REQUIRED ACTION: Return only how many lines in the data include the string "Bluetooth".

SUPPLIED MATERIAL:
+--

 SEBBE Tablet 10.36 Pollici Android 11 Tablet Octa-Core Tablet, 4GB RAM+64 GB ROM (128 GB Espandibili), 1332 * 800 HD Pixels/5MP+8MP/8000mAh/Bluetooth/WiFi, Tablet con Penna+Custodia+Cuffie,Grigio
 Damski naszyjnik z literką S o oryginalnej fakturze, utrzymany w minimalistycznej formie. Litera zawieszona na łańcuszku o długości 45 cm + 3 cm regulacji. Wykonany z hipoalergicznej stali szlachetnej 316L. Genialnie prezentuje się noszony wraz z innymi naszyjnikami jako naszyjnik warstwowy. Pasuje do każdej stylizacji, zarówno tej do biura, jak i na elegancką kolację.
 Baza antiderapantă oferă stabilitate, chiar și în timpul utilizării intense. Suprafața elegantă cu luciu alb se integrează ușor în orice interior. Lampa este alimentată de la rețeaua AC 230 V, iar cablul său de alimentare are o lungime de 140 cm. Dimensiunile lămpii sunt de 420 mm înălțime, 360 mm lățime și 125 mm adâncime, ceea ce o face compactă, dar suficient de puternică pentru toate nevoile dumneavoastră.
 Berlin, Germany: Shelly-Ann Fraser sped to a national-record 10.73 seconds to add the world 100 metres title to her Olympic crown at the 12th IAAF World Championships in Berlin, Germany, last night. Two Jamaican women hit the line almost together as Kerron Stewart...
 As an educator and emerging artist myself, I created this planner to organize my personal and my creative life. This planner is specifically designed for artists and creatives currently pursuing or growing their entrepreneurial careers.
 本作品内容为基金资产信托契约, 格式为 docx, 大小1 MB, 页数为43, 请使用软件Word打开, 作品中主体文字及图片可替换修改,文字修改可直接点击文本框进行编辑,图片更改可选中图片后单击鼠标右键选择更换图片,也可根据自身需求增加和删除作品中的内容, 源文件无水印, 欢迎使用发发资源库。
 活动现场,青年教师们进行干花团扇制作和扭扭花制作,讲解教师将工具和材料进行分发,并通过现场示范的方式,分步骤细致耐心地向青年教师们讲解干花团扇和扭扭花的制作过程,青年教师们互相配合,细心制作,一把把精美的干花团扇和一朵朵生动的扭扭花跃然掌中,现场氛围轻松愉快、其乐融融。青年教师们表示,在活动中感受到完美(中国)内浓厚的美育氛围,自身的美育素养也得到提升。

+--

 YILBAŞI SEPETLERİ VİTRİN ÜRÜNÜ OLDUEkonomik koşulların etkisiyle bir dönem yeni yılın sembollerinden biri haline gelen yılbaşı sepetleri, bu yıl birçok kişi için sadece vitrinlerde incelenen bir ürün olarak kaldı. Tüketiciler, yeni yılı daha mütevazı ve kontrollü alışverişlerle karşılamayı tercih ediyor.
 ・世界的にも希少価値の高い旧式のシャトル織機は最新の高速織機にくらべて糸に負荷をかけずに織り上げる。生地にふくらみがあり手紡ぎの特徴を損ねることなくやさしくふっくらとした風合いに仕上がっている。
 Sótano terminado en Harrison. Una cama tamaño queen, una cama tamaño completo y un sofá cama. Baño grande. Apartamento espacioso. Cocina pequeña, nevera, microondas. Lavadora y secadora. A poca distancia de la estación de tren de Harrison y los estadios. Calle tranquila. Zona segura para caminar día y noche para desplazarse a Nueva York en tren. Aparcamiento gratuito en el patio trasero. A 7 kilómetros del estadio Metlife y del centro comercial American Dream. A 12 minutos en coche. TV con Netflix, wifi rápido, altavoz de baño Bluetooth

+--

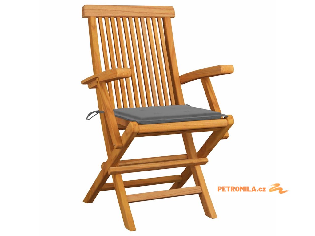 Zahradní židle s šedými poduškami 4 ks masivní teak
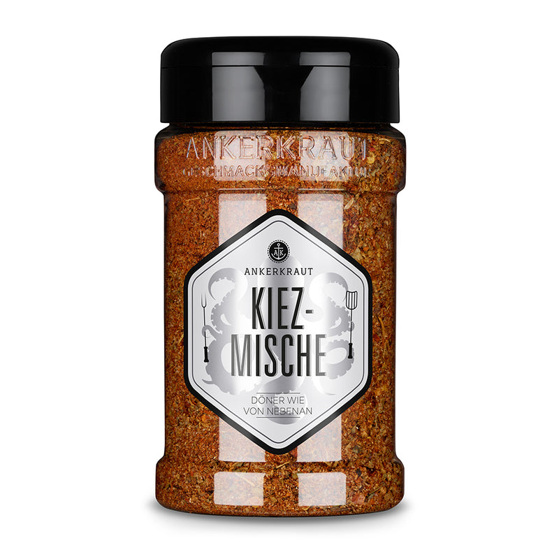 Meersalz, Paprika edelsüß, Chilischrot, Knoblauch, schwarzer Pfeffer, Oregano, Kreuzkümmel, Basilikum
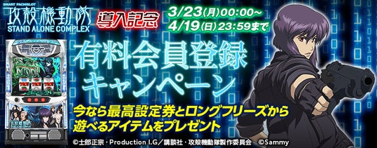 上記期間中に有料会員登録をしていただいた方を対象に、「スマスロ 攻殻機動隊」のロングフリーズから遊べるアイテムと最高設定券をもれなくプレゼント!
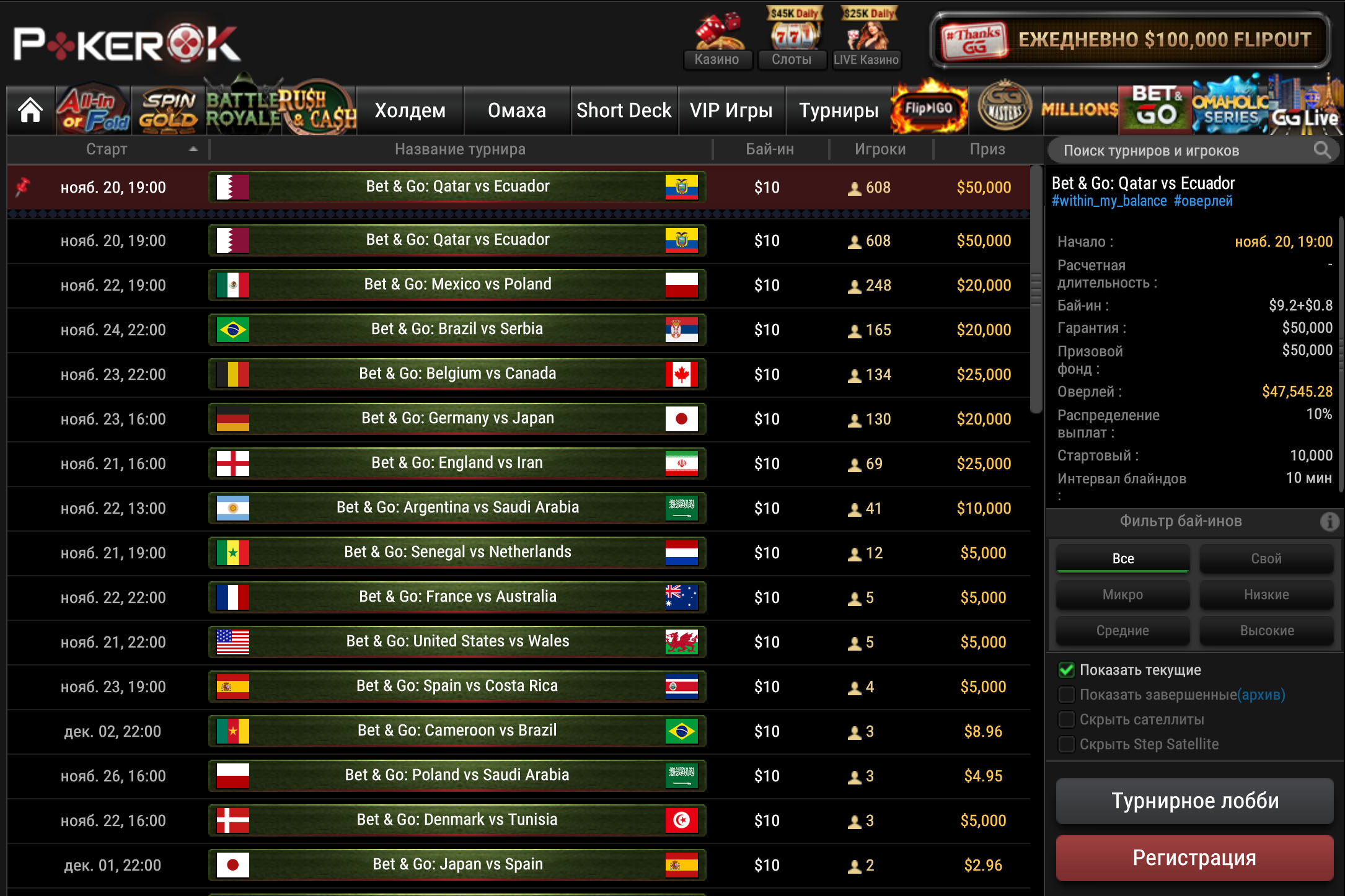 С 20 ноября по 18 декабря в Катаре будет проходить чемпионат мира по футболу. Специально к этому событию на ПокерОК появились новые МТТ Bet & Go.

+--

RESPONSE BOX: 2